Research: How to integrate VITA 1.5 for multi-modal GGUF deployment?

### Research Stage

- [ ] Background Research (Let's try to avoid reinventing the wheel)
- [ ] Hypothesis Formed (How do you think this will work and it's effect?)
- [ ] Strategy / Implementation Forming
- [ ] Analysis of results
- [ ] Debrief / Documentation (So people in the future can learn from us)

### Previous existing literature and research

I'm trying to deploy a multi-modal model based on VITA-1.5, where:

The text backbone is the same as Qwen2.

The vision tower is InternViT-300M-448px from OpenGVLab.

Yesterday I noticed that convert_hf_to_gguf.py added a new class:

class InternVisionModel(VisionModel)

which is the same one used in vita's vision part
However:

There's no corresponding tensor name mapping in constants.py under MODEL_TENSORS.

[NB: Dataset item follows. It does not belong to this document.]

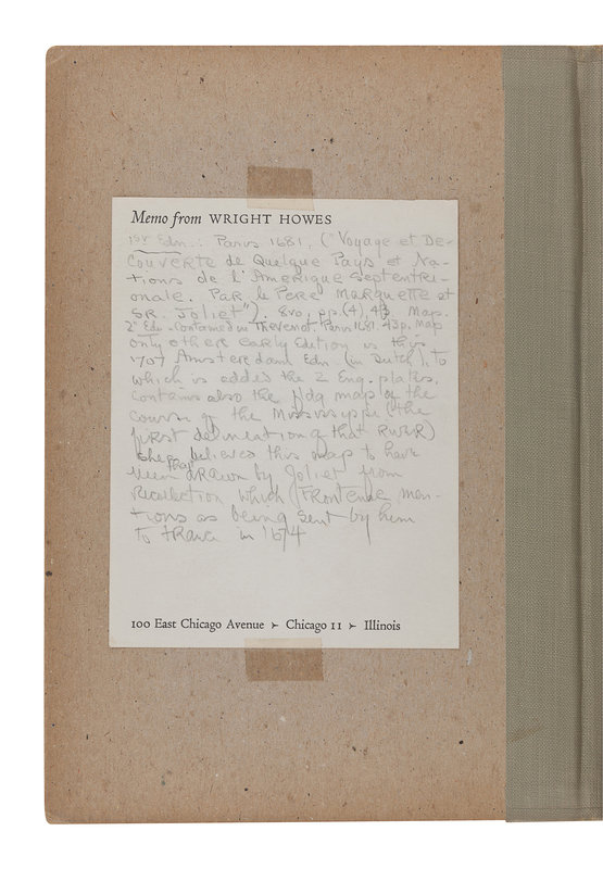 8vo (178 x 112 mm). Engraved title page vignette by J. Goeree, engraved folding map “Land en Volk-ontdekking in’t Noorder ge deelte van America, door P. Marquette en Joliet”; 2 folding engraved plates. (Small wormtrack to gutter margins, stab holes from old binding in gutter margin, minor chipping with loss to lower corner of title-page). 19th-century wrappers, waste leaves from an 1867 collection of German poetry (chipping with losses); board folding case. Provenance: Chicago Historical Society (perforated stamp and manuscript annotations, withdrawn September 1948); Wright Howes (1882-1978), Chicago bookseller and bibliographer (pencil-written note about the first edition of the present work on personal memo sheet).

There's no build function in llama_model.cpp (e.g., no build_internvit() ).

I’m not sure how to combine the vision and text parts into a single GGUF model so that llama.cpp can infer with both modalities.

My goal:
To deploy VITA-1.5 via llama.cpp and run image+text inference (similar to LLaVA / MobileVLM).

Questions:
What is the recommended way to combine Qwen2 text + InternViT vision into one GGUF model?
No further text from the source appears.